> [EXERCISE DESCRIPTION]:
Nothing but the line with "A Black Angus bull stands in a pen." and the lines after it should appear, each retyped exactly as in the listing.

> [DATA BLOCK]:
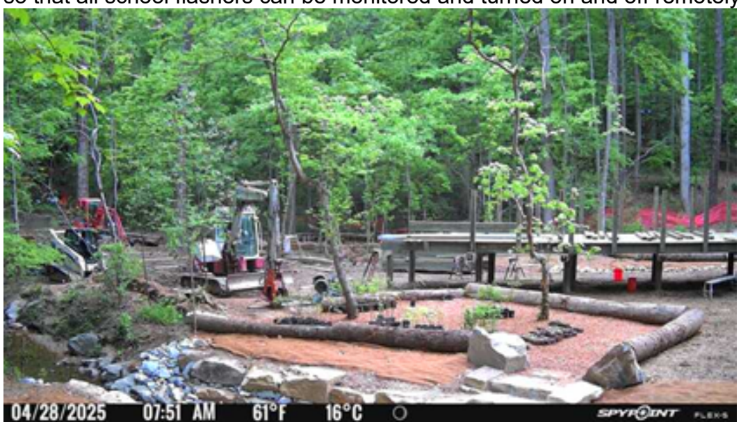
Nature Center Wetland and Boardwalk Construction
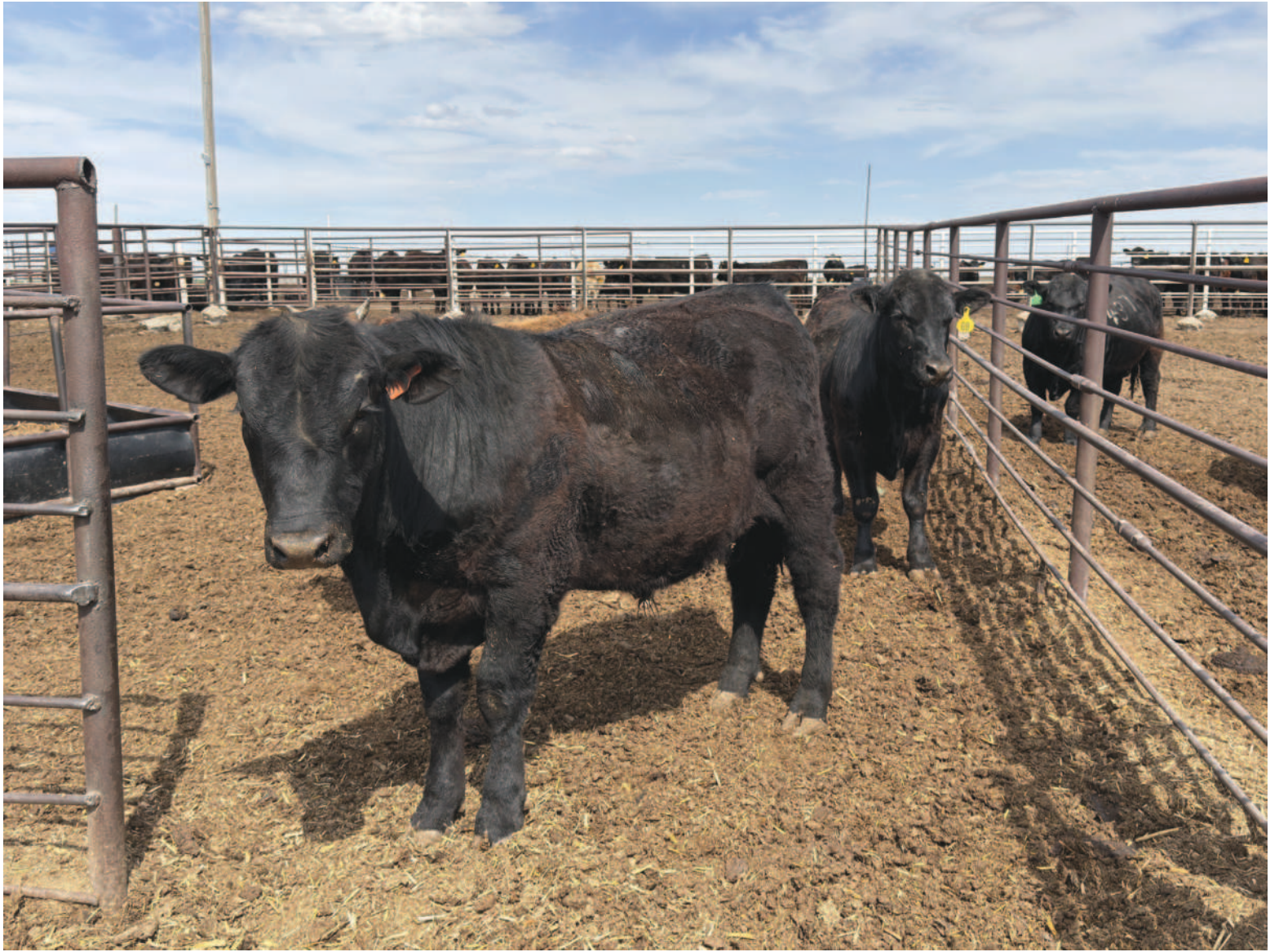
A Black Angus bull stands in a pen.

Medium and large fancy heifers sold from $341.50 to $695. Thin-fleshed heifers sold from $460 to $660. Unweaned heifers brought $320 to $525. Spayed heifers sold from $332 to $570, while replacement cattle brought $356.50 to $368. Large heifers weighing

> [ANSWER TO THIS PROBLEM]:
A Black Angus bull stands in a pen.

Medium and large fancy heifers sold from $341.50 to $695. Thin-fleshed heifers sold from $460 to $660. Unweaned heifers brought $320 to $525. Spayed heifers sold from $332 to $570, while replacement cattle brought $356.50 to $368. Large heifers weighing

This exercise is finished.